DATA BLOCK:
..........

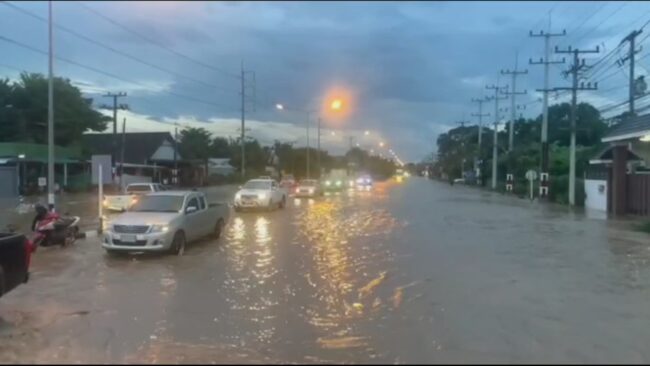 นครราชสีมา-ฝนตกหนักท่วมฉับพลันในพื้นที่ อ.โชคชัย จ.นครราชสีมา เนื่องจากระบายไม่ทัน เอ่อท่วมผิวจราจร ถนนสาย 224 ราชสีมา-โชคชัย ช่วงผ่าน ต.ด่านเกวียน อ.โชคชัย ตั้งแต่หน้าโรงเรียนอนุบาลแสนสนุก , แหล่งจำหน่ายสินค้าเครื่องปั้นดินเผาด่านเกวียน ไปจนถึงโรงเรียนบ้านด่านเกวียน และมีน้ำป่าไหลหลากจากพื้นที่สูงเข้ามาสมทบด้วย ทำให้ระดับน้ำท่วมสูงต่อเนื่อง รถสัญจรลำบากโดยเฉพาะรถขนาดเล็กไม่สามารถสัญจรผ่านได้ นอกจากนี้ ในช่วงที่มีรถเคลื่อนผ่าน ได้ทำให้มวลน้ำซัดไหลหลากเข้าบ้านเรือน ชุมชน และร้านค้าที่อยู่ริมทาง ทำให้ข้าวของได้รับความเสียหาย
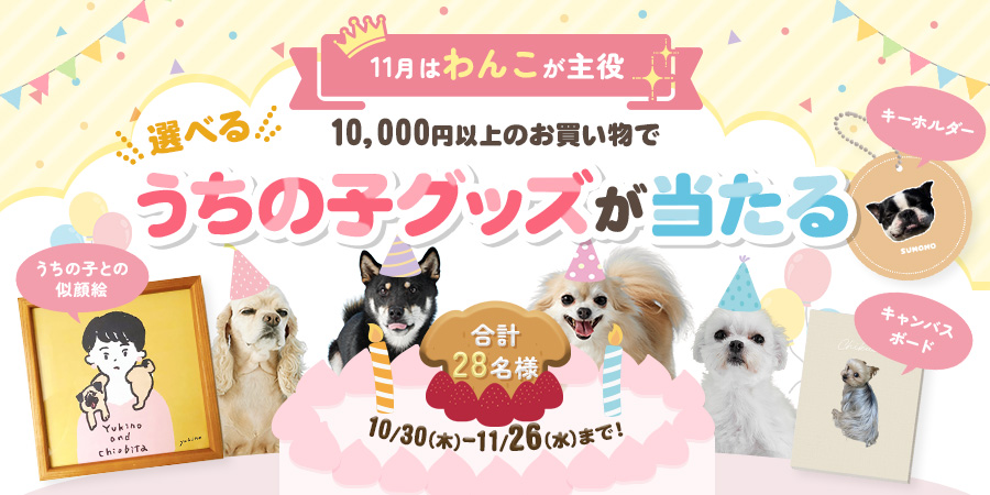 【11月はわんこが主役★】1万円以上のお買い物で、うちの子オリジナルグッズが当たる!
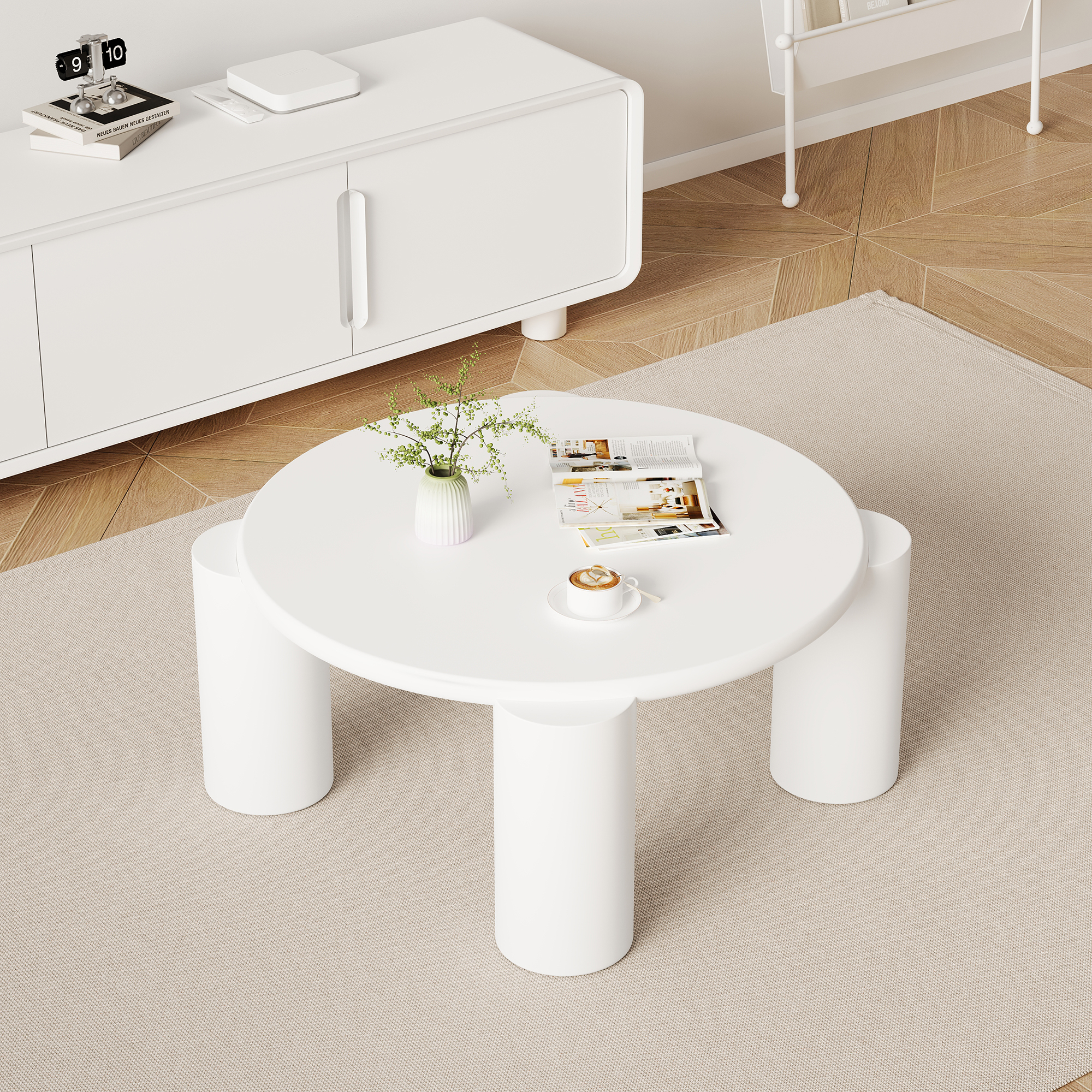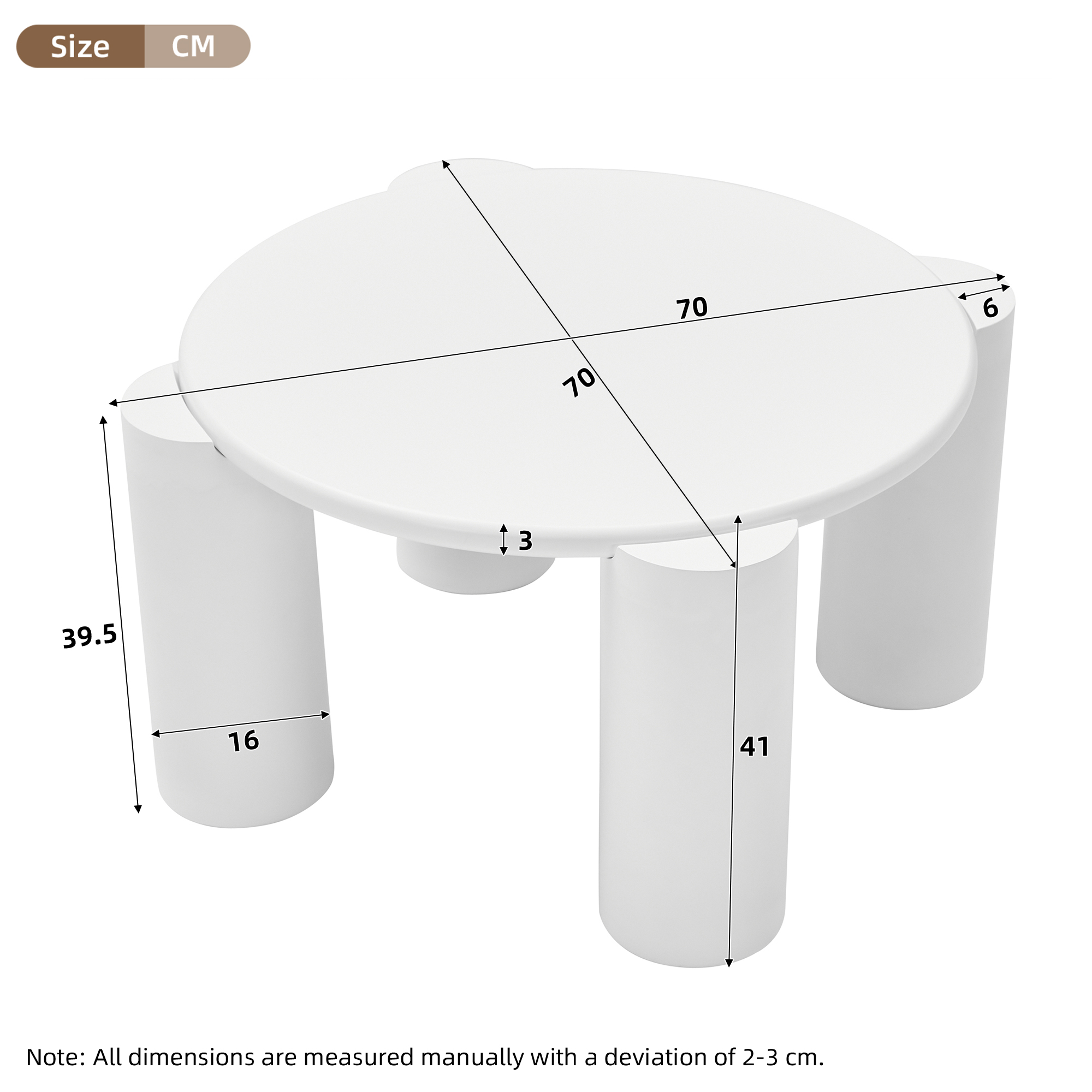 Table basse ronde blanche « Nuage » – Design moderne avec 4 pieds solides, coins arrondis

..........

With the images excluded, reproduce the data above precisely as written.

 นครราชสีมา-ฝนตกหนักท่วมฉับพลันในพื้นที่ อ.โชคชัย จ.นครราชสีมา เนื่องจากระบายไม่ทัน เอ่อท่วมผิวจราจร ถนนสาย 224 ราชสีมา-โชคชัย ช่วงผ่าน ต.ด่านเกวียน อ.โชคชัย ตั้งแต่หน้าโรงเรียนอนุบาลแสนสนุก , แหล่งจำหน่ายสินค้าเครื่องปั้นดินเผาด่านเกวียน ไปจนถึงโรงเรียนบ้านด่านเกวียน และมีน้ำป่าไหลหลากจากพื้นที่สูงเข้ามาสมทบด้วย ทำให้ระดับน้ำท่วมสูงต่อเนื่อง รถสัญจรลำบากโดยเฉพาะรถขนาดเล็กไม่สามารถสัญจรผ่านได้ นอกจากนี้ ในช่วงที่มีรถเคลื่อนผ่าน ได้ทำให้มวลน้ำซัดไหลหลากเข้าบ้านเรือน ชุมชน และร้านค้าที่อยู่ริมทาง ทำให้ข้าวของได้รับความเสียหาย
 【11月はわんこが主役★】1万円以上のお買い物で、うちの子オリジナルグッズが当たる!
 Table basse ronde blanche « Nuage » – Design moderne avec 4 pieds solides, coins arrondis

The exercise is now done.